Exercise aim:
Write the lines below out exactly, dropping each picture.

------------------------

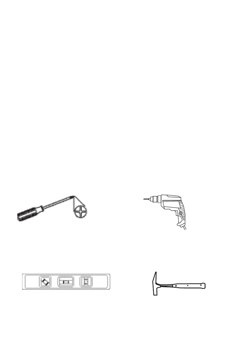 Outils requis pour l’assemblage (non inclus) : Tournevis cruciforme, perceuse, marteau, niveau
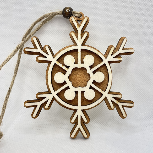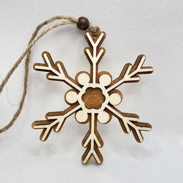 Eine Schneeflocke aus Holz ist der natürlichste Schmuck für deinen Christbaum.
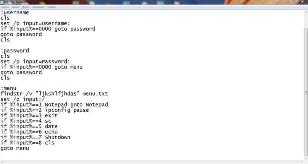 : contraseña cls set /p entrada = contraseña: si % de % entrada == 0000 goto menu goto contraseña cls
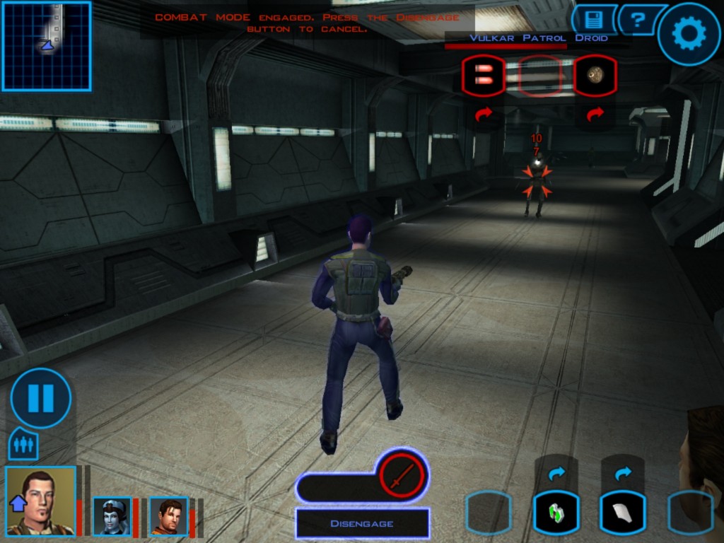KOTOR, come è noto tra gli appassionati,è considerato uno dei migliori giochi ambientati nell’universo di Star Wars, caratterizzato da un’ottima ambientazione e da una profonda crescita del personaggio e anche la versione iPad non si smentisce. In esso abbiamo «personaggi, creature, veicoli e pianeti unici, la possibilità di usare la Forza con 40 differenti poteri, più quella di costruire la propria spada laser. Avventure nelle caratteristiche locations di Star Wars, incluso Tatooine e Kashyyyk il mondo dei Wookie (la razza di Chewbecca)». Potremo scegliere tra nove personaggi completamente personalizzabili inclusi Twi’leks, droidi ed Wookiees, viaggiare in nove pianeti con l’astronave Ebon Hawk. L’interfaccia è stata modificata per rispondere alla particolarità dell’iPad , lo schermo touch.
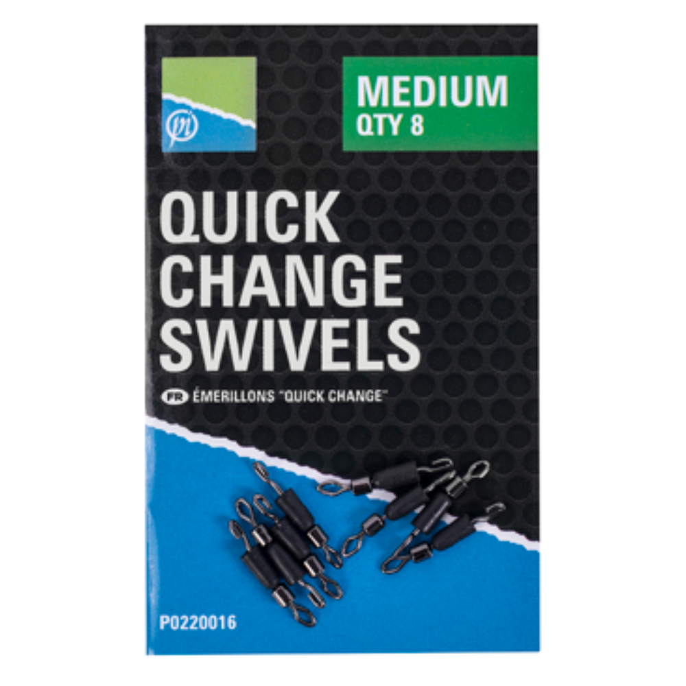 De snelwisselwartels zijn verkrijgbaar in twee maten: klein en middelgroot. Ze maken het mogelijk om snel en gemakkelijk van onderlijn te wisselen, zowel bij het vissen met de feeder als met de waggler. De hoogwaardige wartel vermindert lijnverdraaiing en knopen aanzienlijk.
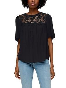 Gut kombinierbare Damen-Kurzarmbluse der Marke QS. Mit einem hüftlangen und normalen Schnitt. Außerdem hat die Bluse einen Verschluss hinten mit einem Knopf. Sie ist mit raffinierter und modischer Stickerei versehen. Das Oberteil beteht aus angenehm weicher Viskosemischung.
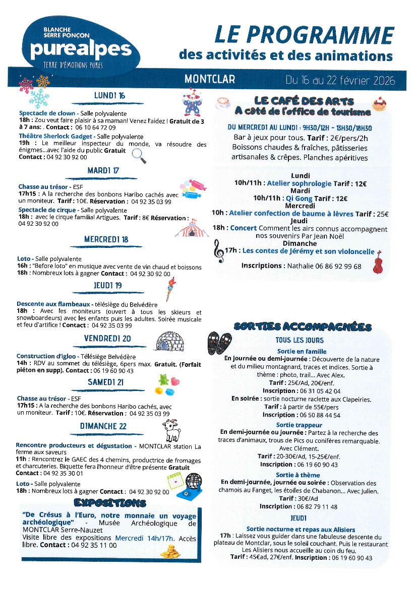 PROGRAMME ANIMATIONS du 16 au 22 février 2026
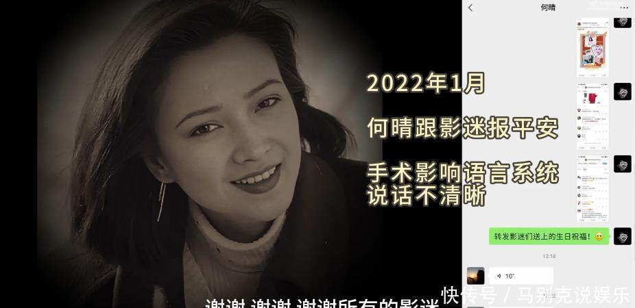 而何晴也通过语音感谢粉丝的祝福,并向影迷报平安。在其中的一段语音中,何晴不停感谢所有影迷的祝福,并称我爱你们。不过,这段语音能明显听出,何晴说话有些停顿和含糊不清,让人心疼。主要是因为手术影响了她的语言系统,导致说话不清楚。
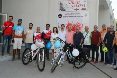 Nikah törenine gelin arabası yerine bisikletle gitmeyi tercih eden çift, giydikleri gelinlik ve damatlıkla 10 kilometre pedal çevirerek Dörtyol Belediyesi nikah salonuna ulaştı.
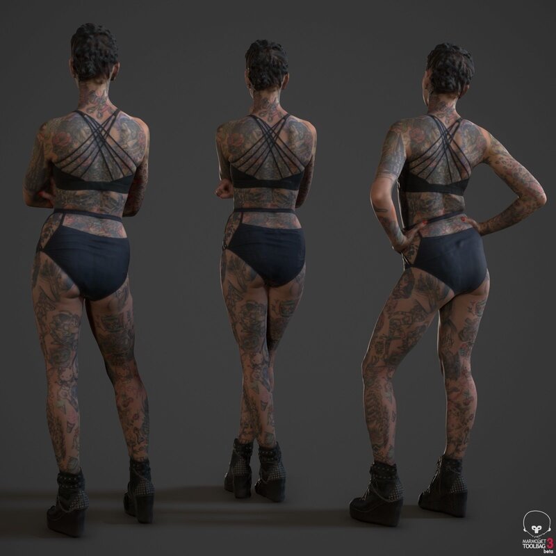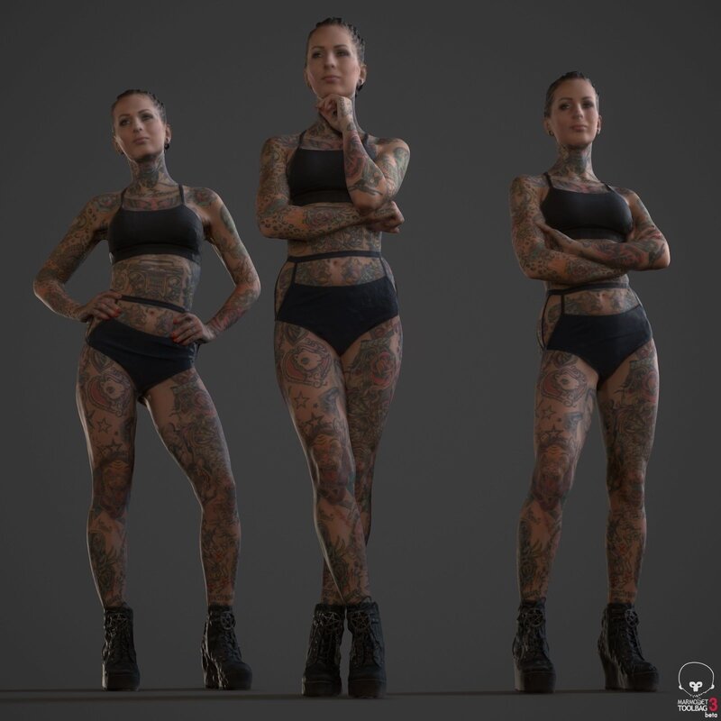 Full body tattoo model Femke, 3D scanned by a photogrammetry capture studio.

------------------------

Written answer:
 Outils requis pour l’assemblage (non inclus) : Tournevis cruciforme, perceuse, marteau, niveau
 Eine Schneeflocke aus Holz ist der natürlichste Schmuck für deinen Christbaum.
 : contraseña cls set /p entrada = contraseña: si % de % entrada == 0000 goto menu goto contraseña cls
KOTOR, come è noto tra gli appassionati,è considerato uno dei migliori giochi ambientati nell’universo di Star Wars, caratterizzato da un’ottima ambientazione e da una profonda crescita del personaggio e anche la versione iPad non si smentisce. In esso abbiamo «personaggi, creature, veicoli e pianeti unici, la possibilità di usare la Forza con 40 differenti poteri, più quella di costruire la propria spada laser. Avventure nelle caratteristiche locations di Star Wars, incluso Tatooine e Kashyyyk il mondo dei Wookie (la razza di Chewbecca)». Potremo scegliere tra nove personaggi completamente personalizzabili inclusi Twi’leks, droidi ed Wookiees, viaggiare in nove pianeti con l’astronave Ebon Hawk. L’interfaccia è stata modificata per rispondere alla particolarità dell’iPad , lo schermo touch.
 De snelwisselwartels zijn verkrijgbaar in twee maten: klein en middelgroot. Ze maken het mogelijk om snel en gemakkelijk van onderlijn te wisselen, zowel bij het vissen met de feeder als met de waggler. De hoogwaardige wartel vermindert lijnverdraaiing en knopen aanzienlijk.
 Gut kombinierbare Damen-Kurzarmbluse der Marke QS. Mit einem hüftlangen und normalen Schnitt. Außerdem hat die Bluse einen Verschluss hinten mit einem Knopf. Sie ist mit raffinierter und modischer Stickerei versehen. Das Oberteil beteht aus angenehm weicher Viskosemischung.
 PROGRAMME ANIMATIONS du 16 au 22 février 2026
 而何晴也通过语音感谢粉丝的祝福,并向影迷报平安。在其中的一段语音中,何晴不停感谢所有影迷的祝福,并称我爱你们。不过,这段语音能明显听出,何晴说话有些停顿和含糊不清,让人心疼。主要是因为手术影响了她的语言系统,导致说话不清楚。
 Nikah törenine gelin arabası yerine bisikletle gitmeyi tercih eden çift, giydikleri gelinlik ve damatlıkla 10 kilometre pedal çevirerek Dörtyol Belediyesi nikah salonuna ulaştı.
 Full body tattoo model Femke, 3D scanned by a photogrammetry capture studio.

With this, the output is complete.